### YOUR INSTRUCTIONS
Go through the data below and copy it exactly, skipping every picture.

### GIVEN INFORMATION

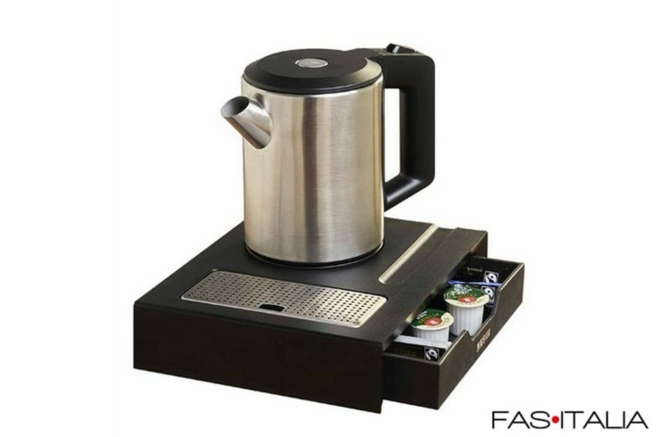 Allo stesso modo, il vassoio con cassetto e bollitore si distingue per il formato compatto e la cura dei dettagli. Oltre all'alloggiamento per il bollitore, il vassoio è progettato per garantire ordine e praticità. Infatti dispone di una sottile canalina per il cucchiaino, di una griglia per appoggiare le tazze con sistema di raccolta delle eventuali gocce e di un ampio cassetto sottostante, ideale per riporre bustine di zucchero, tè o caffè. Una soluzione elegante e funzionale che aggiunge un gesto di accoglienza semplice ma molto apprezzato dagli ospiti.
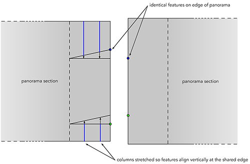 The two cases are illustrated below. The red line is shorter on the scroll than the blue lines and this is resolved in the stitch by warping as shown.
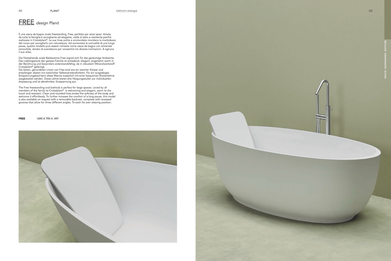 È una vasca da bagno ovale freestanding, Free, perfetta per ampi spazi. Amata

### EXERCISE ANSWER
 Allo stesso modo, il vassoio con cassetto e bollitore si distingue per il formato compatto e la cura dei dettagli. Oltre all'alloggiamento per il bollitore, il vassoio è progettato per garantire ordine e praticità. Infatti dispone di una sottile canalina per il cucchiaino, di una griglia per appoggiare le tazze con sistema di raccolta delle eventuali gocce e di un ampio cassetto sottostante, ideale per riporre bustine di zucchero, tè o caffè. Una soluzione elegante e funzionale che aggiunge un gesto di accoglienza semplice ma molto apprezzato dagli ospiti.
 The two cases are illustrated below. The red line is shorter on the scroll than the blue lines and this is resolved in the stitch by warping as shown.
 È una vasca da bagno ovale freestanding, Free, perfetta per ampi spazi. Amata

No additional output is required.